I have been seeing many warnings from sklearn type e.g:
FutureWarning: Feature names only support names that are all strings. Got feature names with dtypes: ['MyNewNames']. An error will be raised in 1.2.
while using StrEnum for the names of my features in regression anylises. I wrote the following code to ilustrate the case:
from enum import auto
from strenum import StrEnum
import pandas as pd
from sklearn import datasets, linear_model
from sklearn.linear_model import LinearRegression
class MyNewNames(StrEnum):
MyCrim = auto()
MyZN = auto()
MyIndus = auto()
class ComputeRegression():
def SetUP(self,df:pd.DataFrame):
variables = [[MyNewNames.MyCrim,MyNewNames.MyZN],[MyNewNames.MyCrim,MyNewNames.MyIndus]]
for value in variables:
dX = df[value]
dY = df["AGE"]
self.ComputeRegression(dX,dY)
def ComputeRegression(self,dX,dY):
model = linear_model.LinearRegression()
model.fit(X = dX, y = dY)
predicted = model.predict(dX) # I see warnings when calling this line
print(predicted)
boston = datasets.load_boston()
df = pd.DataFrame(data= boston['data'], columns= boston['feature_names'])
df[MyNewNames.MyCrim] = df["CRIM"]
df[MyNewNames.MyZN] = df["ZN"]
df[MyNewNames.MyIndus] = df["INDUS"]
cr = ComputeRegression()
cr.SetUP(df)
It seems the issue is when I create a new column in the dataframe using the StrEnum, since when I change the following part of the code to:
df[MyNewNames.MyCrim.value] = df["CRIM"]
df[MyNewNames.MyZN.value] = df["ZN"]
df[MyNewNames.MyIndus.value] = df["INDUS"]

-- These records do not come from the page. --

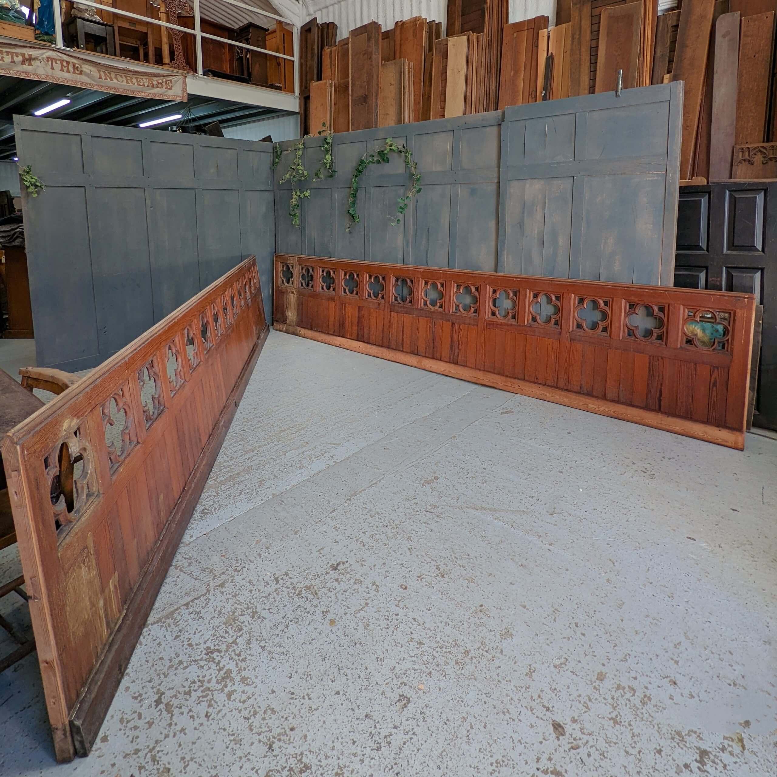 Our product shown on this page Swansea Quatrefoiled Victorian Pitch Pine Church Fronts Panels Panelling (SOLD) is currently available for hire.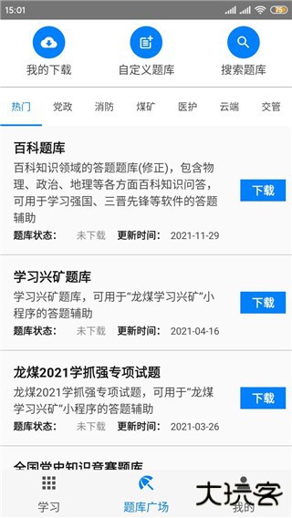 3、点击题库广场,可以查看各类型题目题库,可根据自己需求下载;
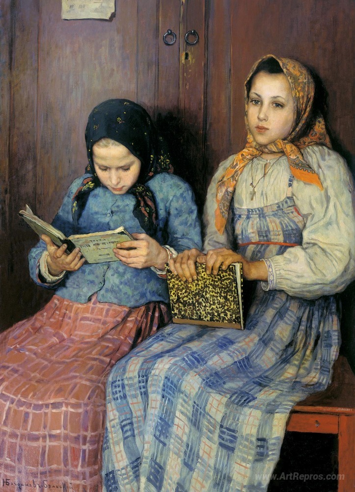 We offer you a handcrafted reproduction on canvas of the famous artwork 'Schoolgirls' by Nikolay Bogdanov-Belsky, from the Reproduction Museum.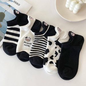 ST908-5 pares Calcetines tobilleros con estampado de vaca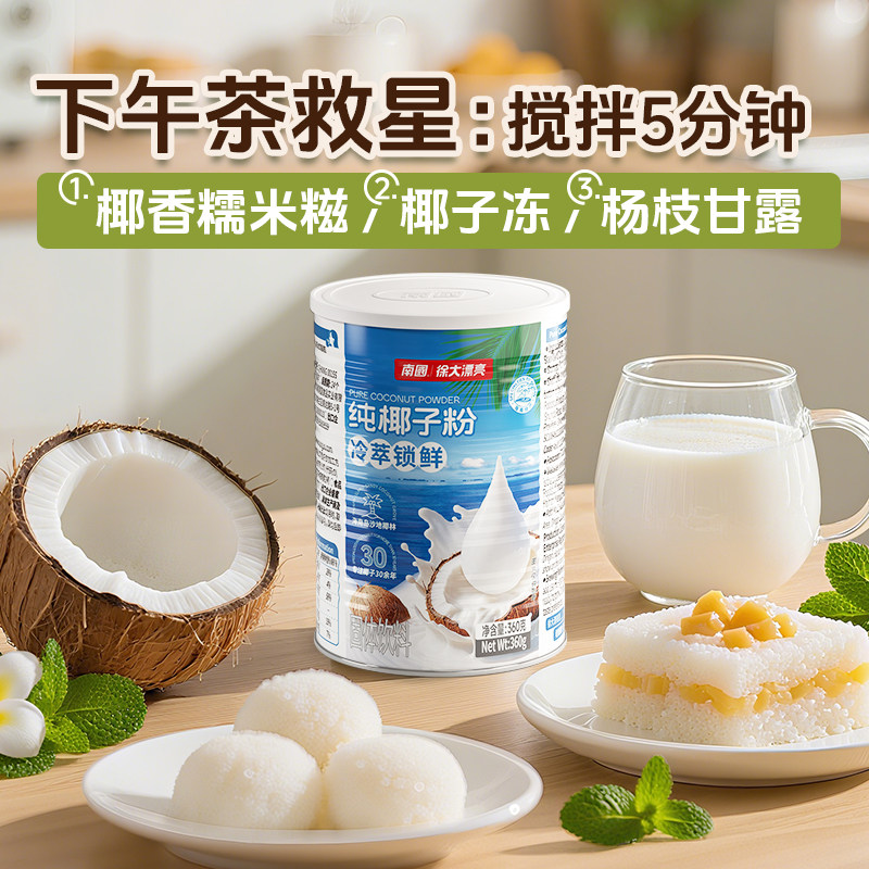 南国海南特产纯椰子粉360g罐装 0添加椰子糯叽叽烘焙原料速溶冲饮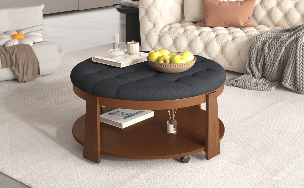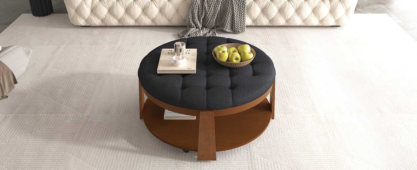Jectiona Large Round Ottoman-Coffee Table | Black & Walnut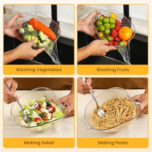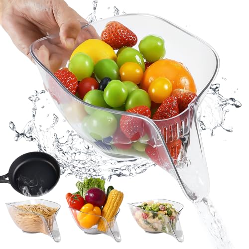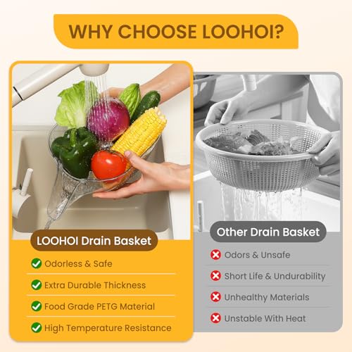 LOOHOI - سلة تصريف متعددة الوظائف مع فوهة، 2025 مطورة مقاومة لدرجات الحرارة العالية للمطبخ اساسيات المطبخ، سلة طعام بلاستيكية قابلة للازالة للطعام والخضروات والفواكه من قطعتين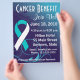 Personalize this Cervical Cancer Benefit flyer with your own words. Have an upcoming cancer benefit, fundraiser, awareness walk, run or special cancer event? Flyers are a perfect way to spread the word about your cause. It also features a bold teal and white ribbon to symbolize Cervical Cancer Awareness. Change the text, type in your own words and make a special custom flyer for your personal cause. Note: The back of the flyer is intentionally left blank for our customers to choose their own image, photos, etc.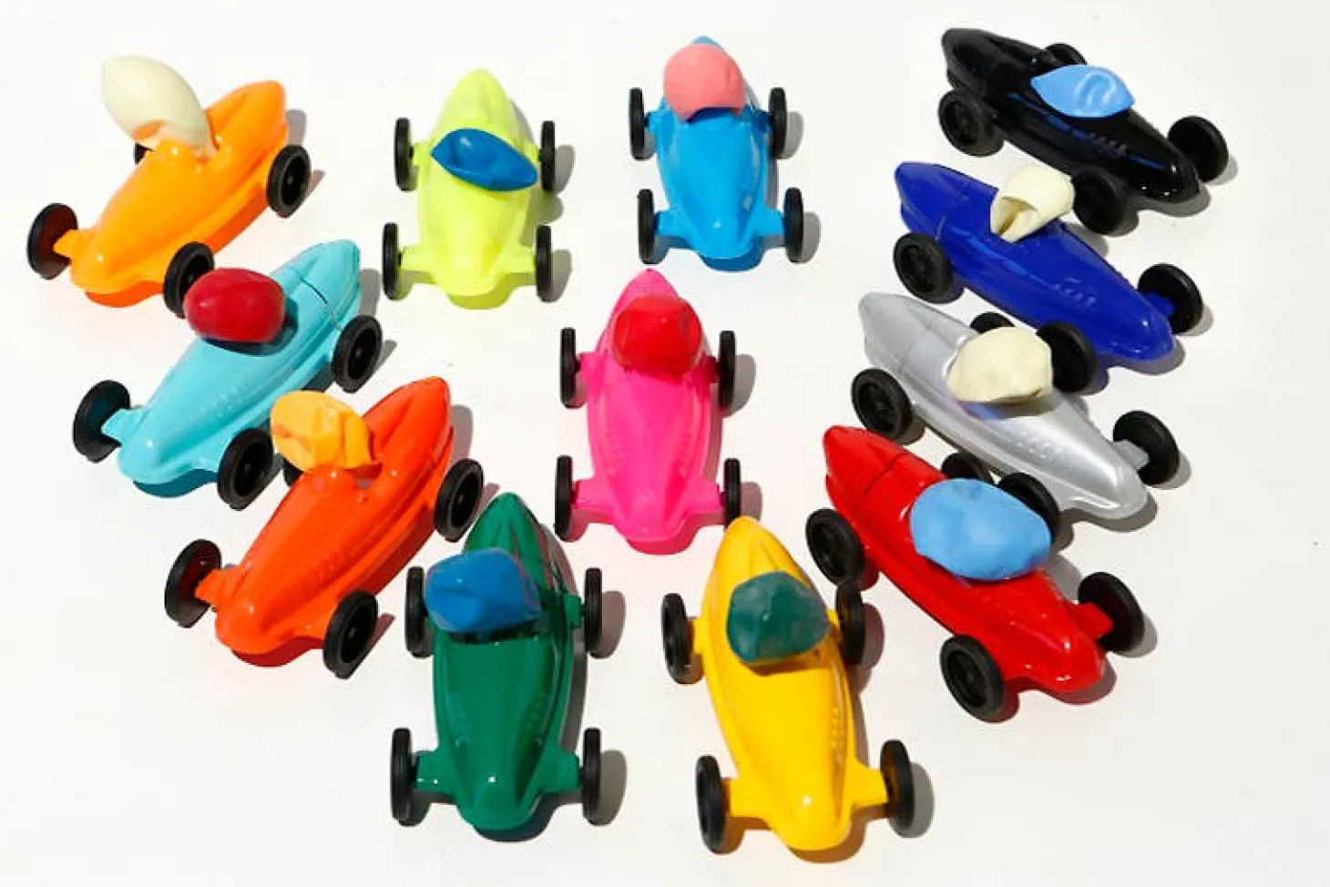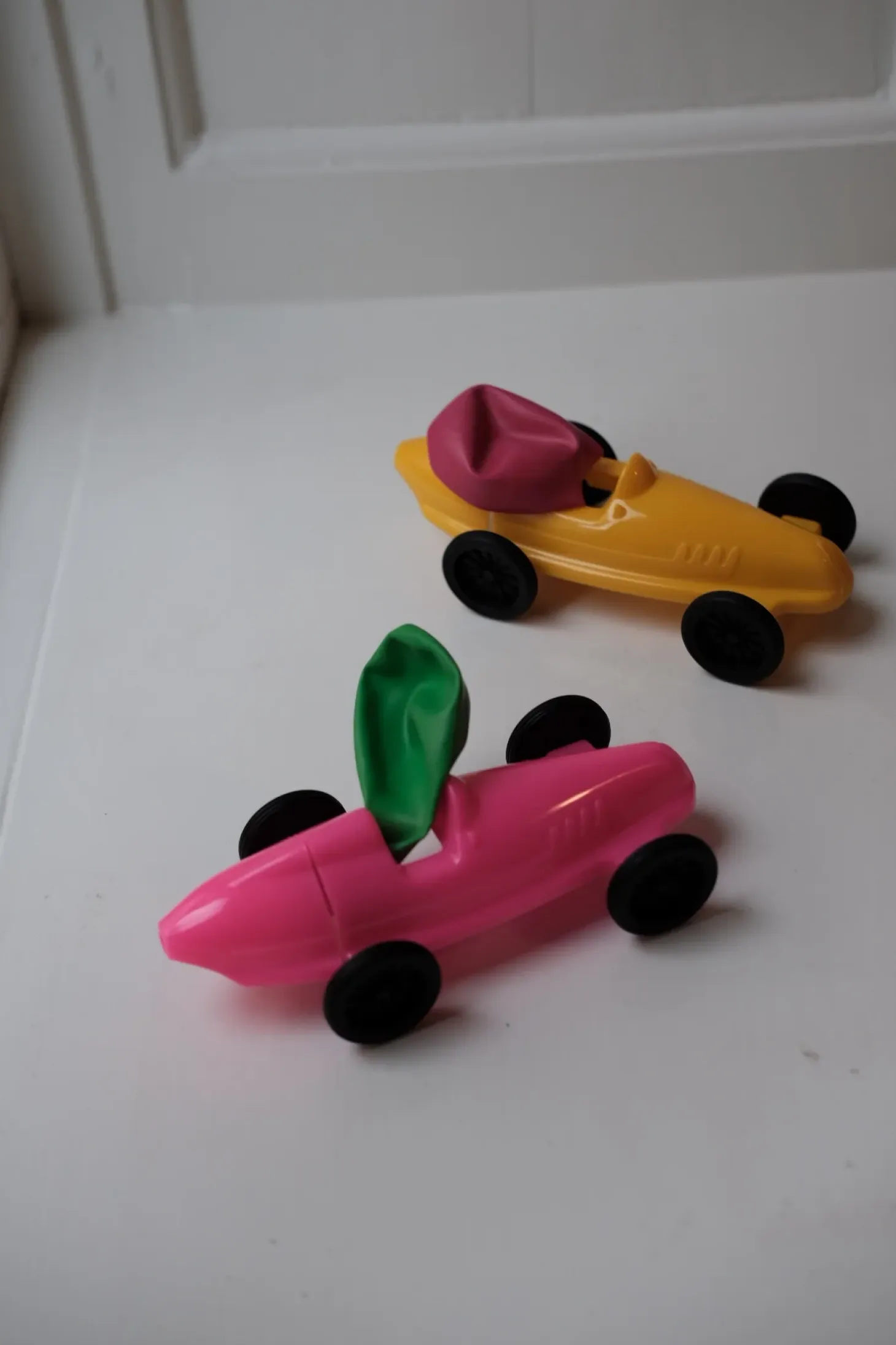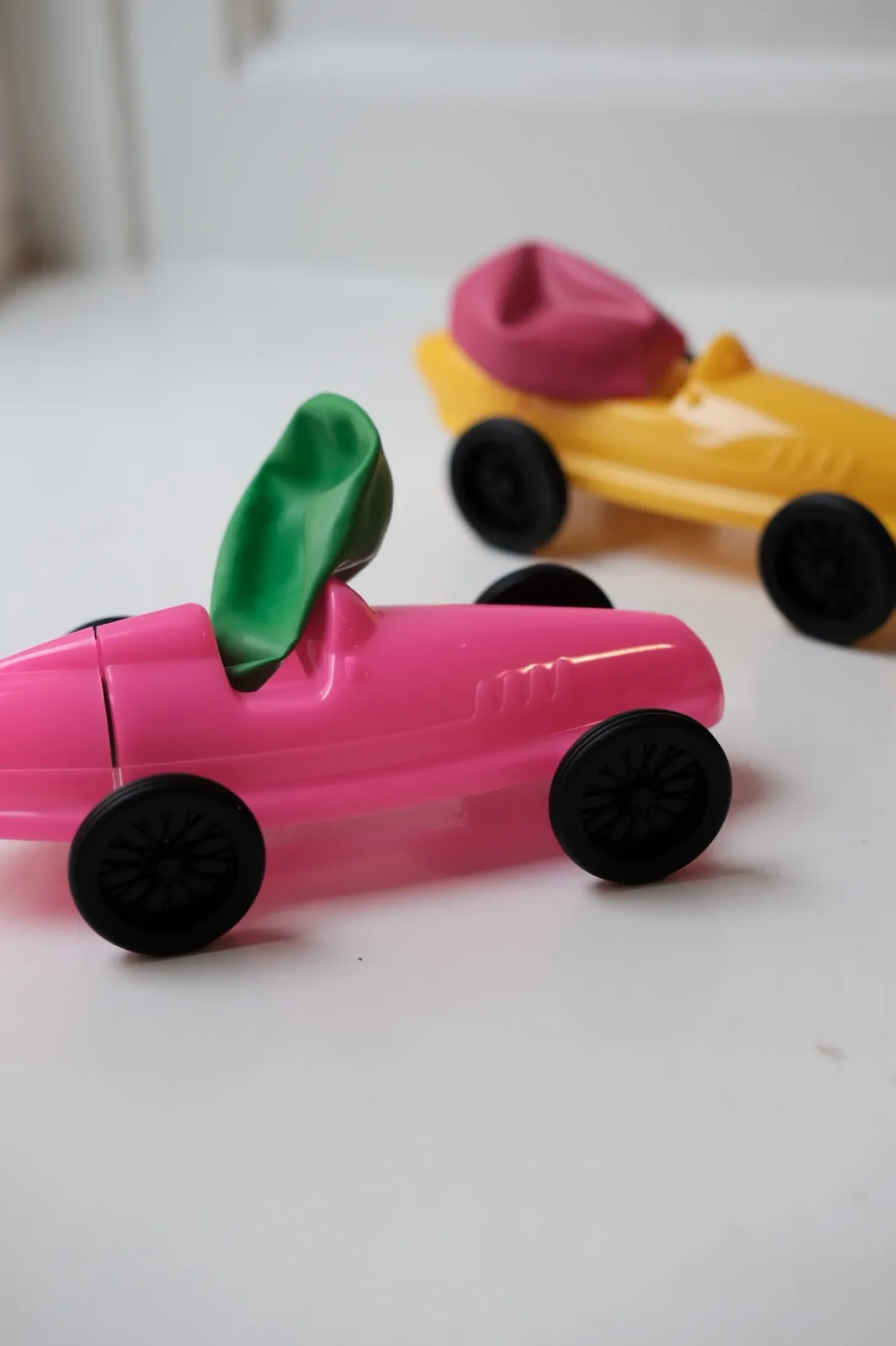 Ballon bilen. Et simpelt princip, der har eksisteret i årtier i en bred vifte af designs. Very simple. Pust ballonen op med mundstykket, hold hullet med fingeren, sæt bilen på jorden og væk med fingeren!

The warnings disapear. Can anyone explain to me why creating a new dataframe column with an enum "MyNewNames.Something" causes issues with the naming of the df column, while accessing a column like df[MyNewNames.MyIndus] is not a problem ?
Thanks!
The likely cause is that sklearn
is doing a type check instead of an isinstance check for column names. That is:
if type(column_name) is str
instead of
if isinstance(column_name, str)